Stored records
((
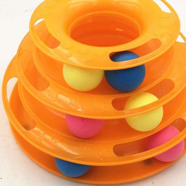 複数の層で構成された円形トラックが、猫の好奇心を刺激する知的な遊び環境を提供
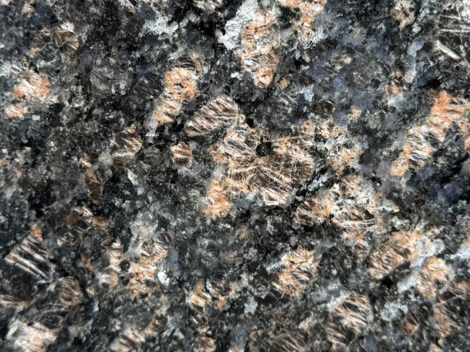 Complementing the dark brown and black features are the grey speckles, which introduce a softer contrast to the composition. These grey flecks range from light, almost silvery tones, to medium shades of grey, interspersed throughout the natural stone countertop. They add a layer of complexity and help to balance the darker elements, ensuring that Tan Brown Granite maintains its elegant appearance without becoming too overpowering.
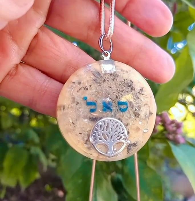 תליון מרפא אורגונייט orgonit עם הטבעה של המילה ס.א.ל מתוך ע"ב שמות השם
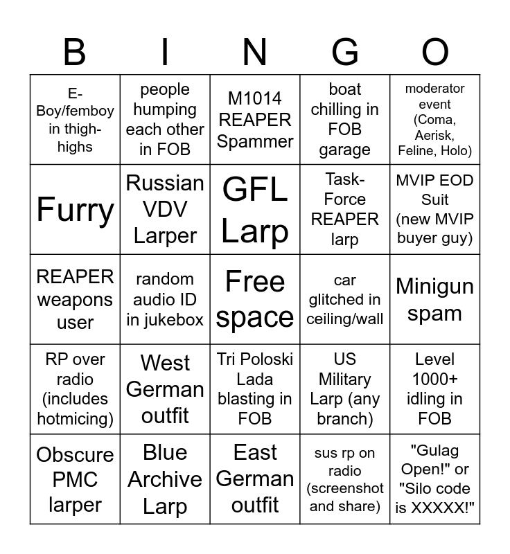 This bingo card has a free space and 24 words: West German outfit, Blue Archive Larp, GFL Larp, Obscure PMC larper, moderator event (Coma, Aerisk, Feline, Holo), E-Boy/femboy in thigh-highs, Furry, people humping each other in FOB, car glitched in ceiling/wall, Tri Poloski Lada blasting in FOB, Task-Force REAPER larp, REAPER weapons user, US Military Larp (any branch), Level 1000+ idling in FOB, Russian VDV Larper, sus rp on radio (screenshot and share), Minigun spam, M1014 REAPER Spammer, MVIP EOD Suit (new MVIP buyer guy), random audio ID in jukebox, "Gulag Open!" or "Silo code is XXXXX!", RP over radio (includes hotmicing), boat chilling in FOB garage and East German outfit.
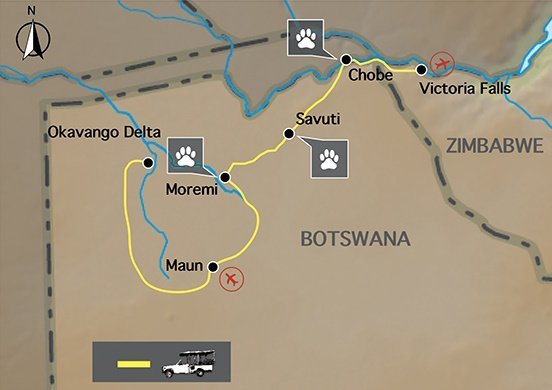 Beleef de magie van Botswana: luxe en avontuur in de wildernis. Er zijn maar weinig ervaringen die kunnen tippen aan een week in de ongerepte wildernis van Botswana. Deze klassieke rondreis combineert het comfort van prachtige lodges met de authentieke beleving van luxe kamperen. U reist door wereldberoemde parken, geniet van adembenemende landschappen en beleeft unieke wildlife-momenten. Laat u betoveren door de schoonheid van de Okavango Delta, de avonturen in Moremi en de imposante Victoria Falls. Deze safari is de perfecte balans tussen ontspanning, avontuur en natuurpracht.
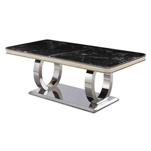 Luxury Modern Dining Table With 6 Chairs Marble Top Titanium Plated Base - Black
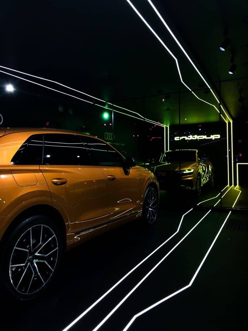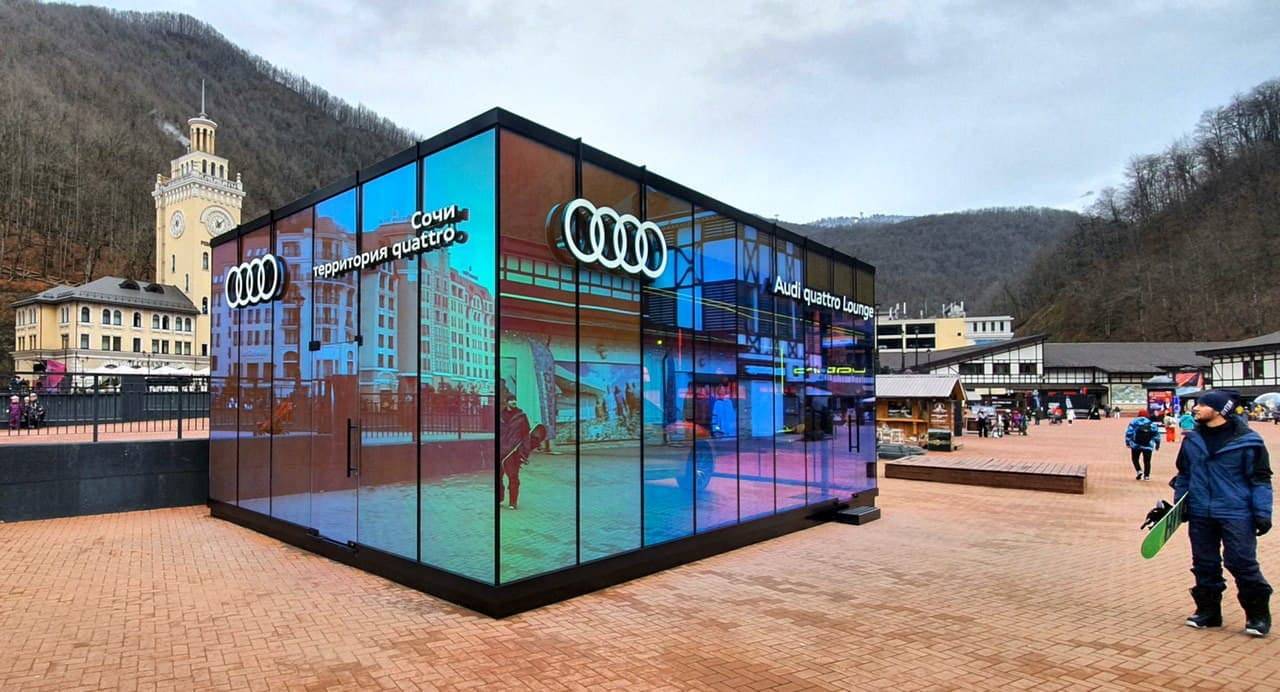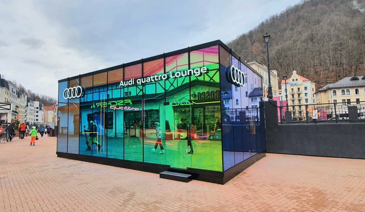 Audi Quattro Lounge, a brand pavilion in the form of a pop-up showroom located in Rosa Khutor, Sochi. Design concept of the brand pavilion highlights the bright and eye-catching design of DRAGON ORANGE Audi Q8. The cube exterior is covered with holographic reflective coating while the cube interior has a futuristic black design with led lights.
))
**ACTIVITY**
Print the entries above exactly, taking out only the pictures.

**WRITTEN ANSWER**
 複数の層で構成された円形トラックが、猫の好奇心を刺激する知的な遊び環境を提供
 Complementing the dark brown and black features are the grey speckles, which introduce a softer contrast to the composition. These grey flecks range from light, almost silvery tones, to medium shades of grey, interspersed throughout the natural stone countertop. They add a layer of complexity and help to balance the darker elements, ensuring that Tan Brown Granite maintains its elegant appearance without becoming too overpowering.
 תליון מרפא אורגונייט orgonit עם הטבעה של המילה ס.א.ל מתוך ע"ב שמות השם
 This bingo card has a free space and 24 words: West German outfit, Blue Archive Larp, GFL Larp, Obscure PMC larper, moderator event (Coma, Aerisk, Feline, Holo), E-Boy/femboy in thigh-highs, Furry, people humping each other in FOB, car glitched in ceiling/wall, Tri Poloski Lada blasting in FOB, Task-Force REAPER larp, REAPER weapons user, US Military Larp (any branch), Level 1000+ idling in FOB, Russian VDV Larper, sus rp on radio (screenshot and share), Minigun spam, M1014 REAPER Spammer, MVIP EOD Suit (new MVIP buyer guy), random audio ID in jukebox, "Gulag Open!" or "Silo code is XXXXX!", RP over radio (includes hotmicing), boat chilling in FOB garage and East German outfit.
 Beleef de magie van Botswana: luxe en avontuur in de wildernis. Er zijn maar weinig ervaringen die kunnen tippen aan een week in de ongerepte wildernis van Botswana. Deze klassieke rondreis combineert het comfort van prachtige lodges met de authentieke beleving van luxe kamperen. U reist door wereldberoemde parken, geniet van adembenemende landschappen en beleeft unieke wildlife-momenten. Laat u betoveren door de schoonheid van de Okavango Delta, de avonturen in Moremi en de imposante Victoria Falls. Deze safari is de perfecte balans tussen ontspanning, avontuur en natuurpracht.
 Luxury Modern Dining Table With 6 Chairs Marble Top Titanium Plated Base - Black
 Audi Quattro Lounge, a brand pavilion in the form of a pop-up showroom located in Rosa Khutor, Sochi. Design concept of the brand pavilion highlights the bright and eye-catching design of DRAGON ORANGE Audi Q8. The cube exterior is covered with holographic reflective coating while the cube interior has a futuristic black design with led lights.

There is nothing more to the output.